Desde a invasão do país vizinho por tropas russas, no dia 24 de fevereiro, o desafio dos opositores do presidente Vladimir Putin aumentou consideravelmente, com novos mecanismos legais à disposição do Estado e o aumento da violência policial para silenciar os críticos. Uma lei do início de março, com foco na guerra, pune quem “desacredita o uso das forças armadas”.

Dentro dessa severa nova legislação, os detidos têm que pagar multas que chegam a 300 mil rublos (R$ 26,1 mil). A pena mais rigorosa é aplicada por divulgar “informações sabidamente falsas” sobre o exército e a “operação militar especial” na Ucrânia, que é como o governo descreve a guerra. A reclusão pode chegar a 15 anos.

O cenário mudou com a mobilização militar parcial anunciada por Putin no dia 20 de setembro. O risco de serem obrigados a lutar na Ucrânia levou milhares de reservistas a fugir do país, com fronteiras lotadas em países como GeórgiaMongólia e Cazaquistão. Entre os que ficaram, a ideia de aceitar a convocação não é unanimidade, e protestos populares voltaram a ser registrados em todos os cantos. 
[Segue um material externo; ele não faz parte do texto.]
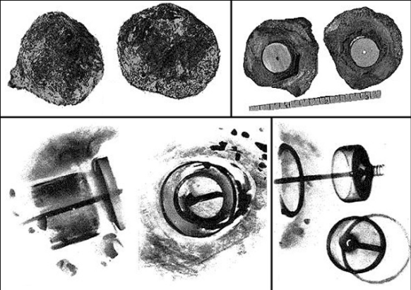 Рентгеновата снимка показва, че в горната част на металния прът опира до нещо, наподобяващо малка изворка. Това позволи приписват обекта на електрически механизми.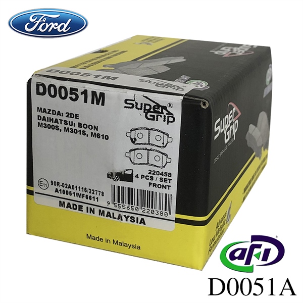 Má phanh trước FORD thương hiệu AFI-BRAKE đến từ tập đoàn AFI Brake Manufacturing Sdn. Bhd. Được thành lập vào năm 1997, D0051M - Má phanh đĩa trước lắp cho các dòng xe sau: FORD

Somente na primeira semana que sucedeu o anúncio, a OVD-Info registrou quase 2,5 mil detenções em protestos populares contra a mobilização. E o número real de detidos tende a ser maior, vez que a entidade contabiliza somente os nomes que confirmou e que foi autorizada a divulgar, tendo sempre como base as listas fornecidas pelas autoridades.